## Action item
Exact reproduction is required for the lines below starting at the line with "La façade antérieure, vue rapprochée." and ending at the line with "Abb. 1. Hinter", both included. No other lines, and no pictures.

## Material for the task

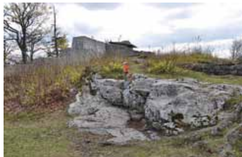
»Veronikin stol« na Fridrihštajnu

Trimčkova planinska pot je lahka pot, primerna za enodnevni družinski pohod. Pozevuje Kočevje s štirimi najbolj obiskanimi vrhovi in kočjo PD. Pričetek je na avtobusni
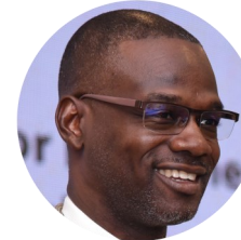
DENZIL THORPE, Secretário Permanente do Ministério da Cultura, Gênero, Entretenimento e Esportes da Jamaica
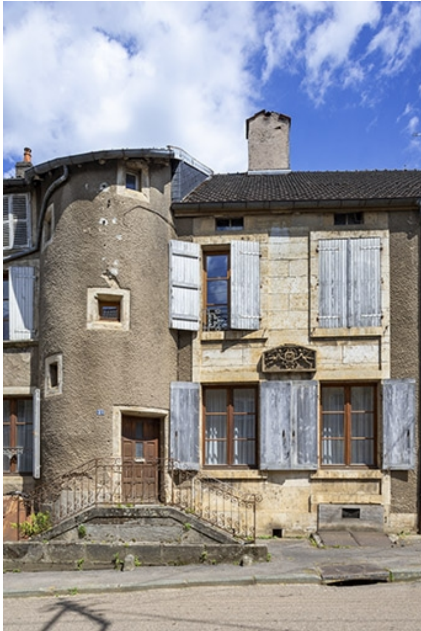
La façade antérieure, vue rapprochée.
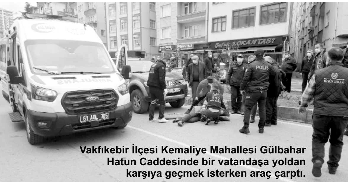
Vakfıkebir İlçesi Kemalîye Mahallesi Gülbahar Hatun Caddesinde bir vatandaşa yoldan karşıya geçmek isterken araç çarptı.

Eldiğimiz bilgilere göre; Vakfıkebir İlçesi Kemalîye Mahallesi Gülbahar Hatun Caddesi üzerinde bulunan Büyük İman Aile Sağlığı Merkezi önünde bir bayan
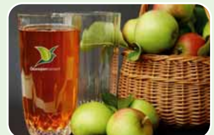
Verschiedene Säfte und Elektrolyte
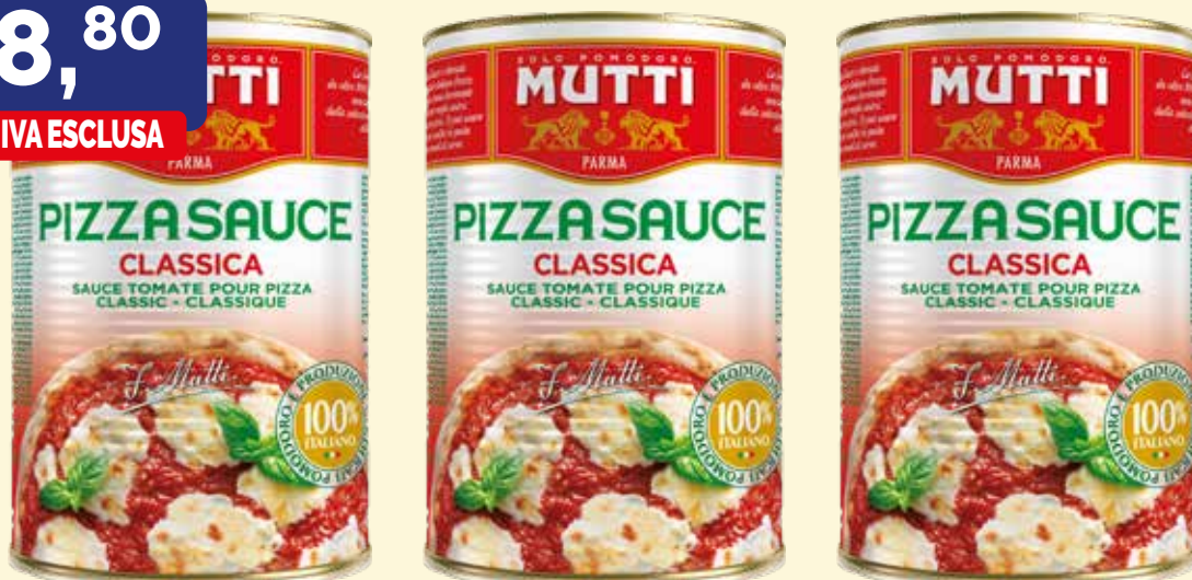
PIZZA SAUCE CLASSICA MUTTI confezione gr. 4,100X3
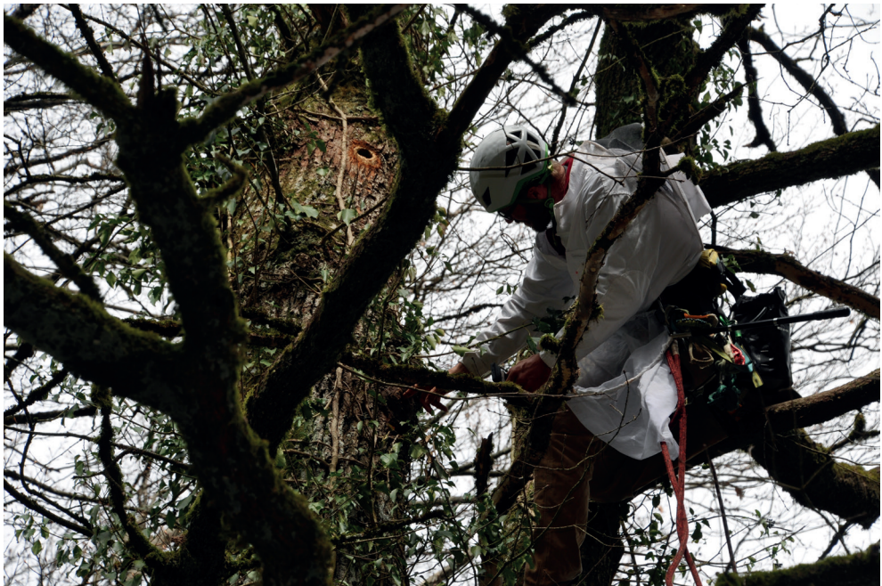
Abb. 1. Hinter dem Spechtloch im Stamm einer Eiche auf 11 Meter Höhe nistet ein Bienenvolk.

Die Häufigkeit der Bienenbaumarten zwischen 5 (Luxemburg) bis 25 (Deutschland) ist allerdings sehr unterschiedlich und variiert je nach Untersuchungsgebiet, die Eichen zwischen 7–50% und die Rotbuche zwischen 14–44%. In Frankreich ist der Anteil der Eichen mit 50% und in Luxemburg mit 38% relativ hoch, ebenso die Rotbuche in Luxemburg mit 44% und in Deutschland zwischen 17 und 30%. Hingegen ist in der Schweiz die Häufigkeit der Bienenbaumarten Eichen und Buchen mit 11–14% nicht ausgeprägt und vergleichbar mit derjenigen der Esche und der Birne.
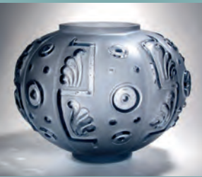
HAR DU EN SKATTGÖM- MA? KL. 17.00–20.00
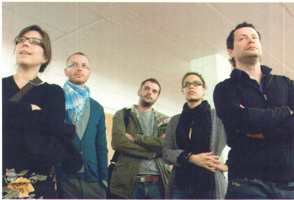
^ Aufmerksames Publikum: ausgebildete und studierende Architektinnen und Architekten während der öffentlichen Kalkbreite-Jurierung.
==
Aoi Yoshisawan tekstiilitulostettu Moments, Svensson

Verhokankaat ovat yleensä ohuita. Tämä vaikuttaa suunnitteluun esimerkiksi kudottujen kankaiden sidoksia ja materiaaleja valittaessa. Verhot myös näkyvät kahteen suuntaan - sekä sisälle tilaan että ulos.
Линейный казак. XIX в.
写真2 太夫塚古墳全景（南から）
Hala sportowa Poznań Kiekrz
...
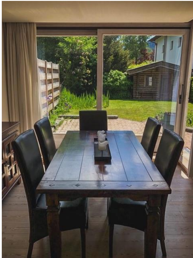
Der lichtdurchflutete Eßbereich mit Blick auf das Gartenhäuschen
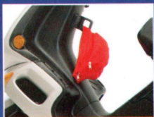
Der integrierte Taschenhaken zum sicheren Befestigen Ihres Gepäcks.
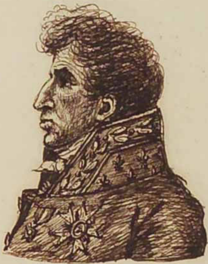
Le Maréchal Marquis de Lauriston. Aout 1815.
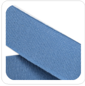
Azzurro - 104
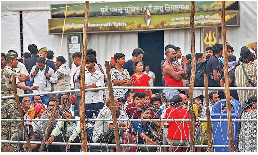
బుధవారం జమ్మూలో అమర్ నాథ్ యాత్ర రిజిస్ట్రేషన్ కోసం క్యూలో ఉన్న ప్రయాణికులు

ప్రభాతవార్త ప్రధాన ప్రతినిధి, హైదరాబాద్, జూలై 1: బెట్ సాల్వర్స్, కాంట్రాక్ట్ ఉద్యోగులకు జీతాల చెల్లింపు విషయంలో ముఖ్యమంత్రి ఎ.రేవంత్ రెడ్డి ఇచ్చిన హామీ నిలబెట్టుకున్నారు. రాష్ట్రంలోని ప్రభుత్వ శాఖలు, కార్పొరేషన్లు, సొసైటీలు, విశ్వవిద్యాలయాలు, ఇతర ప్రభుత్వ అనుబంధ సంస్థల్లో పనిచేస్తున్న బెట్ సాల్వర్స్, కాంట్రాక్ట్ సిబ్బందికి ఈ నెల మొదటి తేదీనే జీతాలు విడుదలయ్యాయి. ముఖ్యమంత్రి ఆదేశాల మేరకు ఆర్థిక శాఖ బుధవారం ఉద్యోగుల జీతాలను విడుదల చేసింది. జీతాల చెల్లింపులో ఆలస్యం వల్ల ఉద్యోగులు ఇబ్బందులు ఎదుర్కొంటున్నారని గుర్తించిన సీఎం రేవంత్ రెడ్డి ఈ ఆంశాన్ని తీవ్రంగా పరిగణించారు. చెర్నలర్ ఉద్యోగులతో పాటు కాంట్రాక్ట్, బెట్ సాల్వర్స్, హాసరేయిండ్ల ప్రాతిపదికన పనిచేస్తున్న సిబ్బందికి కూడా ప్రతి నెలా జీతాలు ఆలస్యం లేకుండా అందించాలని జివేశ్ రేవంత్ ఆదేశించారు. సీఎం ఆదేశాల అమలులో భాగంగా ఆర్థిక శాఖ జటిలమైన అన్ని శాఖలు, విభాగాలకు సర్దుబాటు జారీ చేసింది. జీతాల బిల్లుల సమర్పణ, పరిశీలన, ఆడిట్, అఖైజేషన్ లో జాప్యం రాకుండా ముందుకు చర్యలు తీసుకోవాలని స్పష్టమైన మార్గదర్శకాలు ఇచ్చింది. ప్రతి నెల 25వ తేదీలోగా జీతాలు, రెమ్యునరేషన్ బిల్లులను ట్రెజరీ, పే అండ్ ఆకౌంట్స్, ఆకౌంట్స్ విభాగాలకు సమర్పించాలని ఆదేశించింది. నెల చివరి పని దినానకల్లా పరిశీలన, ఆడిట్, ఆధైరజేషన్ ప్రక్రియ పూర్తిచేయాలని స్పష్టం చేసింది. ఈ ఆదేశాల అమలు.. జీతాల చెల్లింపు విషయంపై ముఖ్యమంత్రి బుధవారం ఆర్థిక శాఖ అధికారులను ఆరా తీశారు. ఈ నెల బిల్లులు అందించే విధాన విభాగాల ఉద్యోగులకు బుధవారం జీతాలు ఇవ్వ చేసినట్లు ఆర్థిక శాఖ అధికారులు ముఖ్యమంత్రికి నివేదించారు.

## Written solution
La façade antérieure, vue rapprochée.
Vakfıkebir İlçesi Kemalîye Mahallesi Gülbahar Hatun Caddesinde bir vatandaşa yoldan karşıya geçmek isterken araç çarptı.

Eldiğimiz bilgilere göre; Vakfıkebir İlçesi Kemalîye Mahallesi Gülbahar Hatun Caddesi üzerinde bulunan Büyük İman Aile Sağlığı Merkezi önünde bir bayan
Verschiedene Säfte und Elektrolyte
PIZZA SAUCE CLASSICA MUTTI confezione gr. 4,100X3
Abb. 1. Hinter dem Spechtloch im Stamm einer Eiche auf 11 Meter Höhe nistet ein Bienenvolk.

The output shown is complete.